The control is detection plus disclosure. Detection is the same DLP and endpoint stack that catches data leakage, configured to alert on traffic to consumer AI domains, not just enterprise ones. Disclosure is a written rule that a fast self-report of an incident is met with documentation and no penalty, while a hidden one is treated as a security incident. The point of the disclosure rule is not forgiveness. It is incentive design. You cannot fix what you cannot see, and you cannot see what your people are punished for showing you. This is the same logic every mature security organization applies to phishing-click rates and vulnerability disclosure. It is not new. It is just newly applied to a surface most companies are still pretending does not exist.

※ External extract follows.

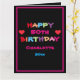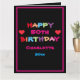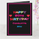 Lycklig vilken födelsedag som helst! Roligt och färgstarkt eget namn och Data Grattis på födelsedagen-kort. Klicka på Anpassa mallen om du vill anpassa den med ditt eget namn och år snabbt och enkelt. Det här kortet är en del av Charlotte 50:e födelsedagssamlingen i den här butiken. Du kan ändra 50 till valfritt år. Fraktaser över hela världen snabbt. 30 dagars återbetalningsgaranti. Roligt & färgat eget namn & Data Grattis på födelsedagen-kort, skapat av artist RjFxx.*Alla höger reserverade. #ZazzleMade

The consumer chat account was the whole of shadow AI when this guide was first written. It is not anymore. The same tools now run on a schedule, which turns a moment into a standing job and makes it its own failure mode.

Ungoverned automation

The first four failure modes are things your people do. The fifth is something your tools now do on their own, on a clock, after everyone has gone home. Shadow AI used to mean a single risky action: a paste into a consumer tab, a moment you could in principle recover from. A scheduled agent is different in kind. Someone writes a prompt once, picks a cadence, and the agent runs unattended against real systems, producing output other people come to depend on, and it keeps running after that person changes teams or leaves.

You are accumulating a second workforce that is not on any org chart, and the data says you cannot see it. Roughly a quarter of organizations have full visibility into the agents operating inside them. About one in seven send agents into production with security or IT sign-off. Fewer than half of running agents are actively monitored.6 Gartner expects AI-related legal claims to clear two thousand this year, and the recurring cause is missing audit trails for automated actions in regulated contexts.7 This is not a future exposure. It is a maintenance backlog and a compliance gap already sitting on your books.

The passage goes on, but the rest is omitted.